Figure 3

Imp-L2 binds Dilp2 and counteracts its activity. (a,b) Antibody staining of larval brains with an Imp-L2 antibody (green). (a) Specific neurons of both brain hemispheres, the subesophageal ganglion region (gray arrow) and the corpora cardiaca (white arrow) express Imp-L2 protein. The corpora allata are innervated by Imp-L2 expressing axons. White arrowheads mark the Dilp-producing m-NSCs. (b) In larvae carrying a dilp2-lacZ.nls transgene, co-staining with β-galactosidase and Imp-L2 antibodies reveals that the seven dilp-expressing m-NSCs also produce low levels of Imp-L2. (c) The size increase of arm-Gal4, UAS-dilp2 flies is dominantly enhanced by reducing Imp-L2 levels.
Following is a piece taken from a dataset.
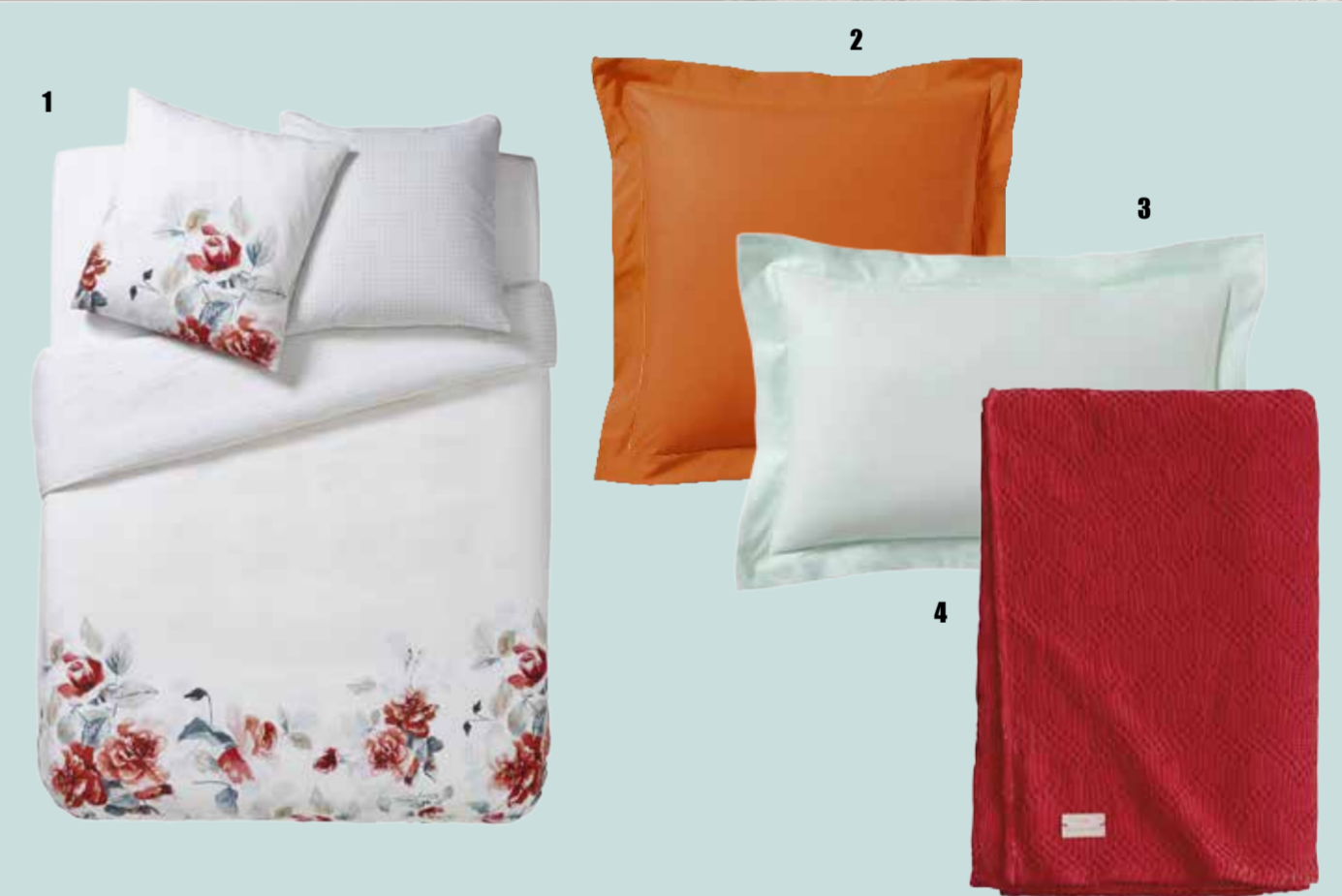
1. Linge de lit Émotion, percale de coton : Housse de couette 129€ // Taie : 35€. 2. Linge de lit uni épice, percale de coton : Housse de couette : 129€ // Taie : 21,5€. 3. Linge de lit uni menthe glacée, percale de coton : Housse de couette : 129€ // Taie : 21,5€. 4. Plaid Malo sienne, 100% coton stone wash, 130x170, 62,5€.

In an Imp-L2^-/- background, dilp2 overexpression results in lethality, which can be rescued by a copy of the Imp-L2 genomic rescue construct (GR). (d) Overexpression of dilp2 as well as of Imp-L2 at high levels by ppl-Gal4 causes lethality, whereas concomitant overexpression of dilp2 and Imp-L2 yields flies of wild-type size. The lacZ transgene was introduced to rule out a dosage effect of the UAS/Gal4-system. (e) Imp-L2 binds Dilp2. In-vitro-translated, ³⁵S-labeled wild-type (ImpL2-IVT, about 32 kDa) or mutant (ImpL2^MG2-IVT, about 30 kDa) Imp-L2 (lane 1) was incubated with cell lysates of either non-transfected (lane 3) or stably transfected S2 cells expressing Flag-Dilp2 (lane 2). Imp-L2 could only be pulled down in the presence of Dilp2. The Imp-L2^MG2 mutation abolished Dilp2 binding. Genotypes in (c): 'Imp-L2^+/-' Imp-L2^Def42/+; 'Imp-L2^-/-' Imp-L2^Def42/Imp-L2^Def20; 'Imp-L2^-/-, GR' Imp-L2^Def42/Imp-L2^Def20, GR-57; 'control' (black bar) arm-Gal4, UAS-GFP. P-values were determined using unpaired Student's t-test (n = 40, except for bars 1–3 in (c): bar 1, n = 31; bars 2 and 3, n = 17). Error bars represent s.d.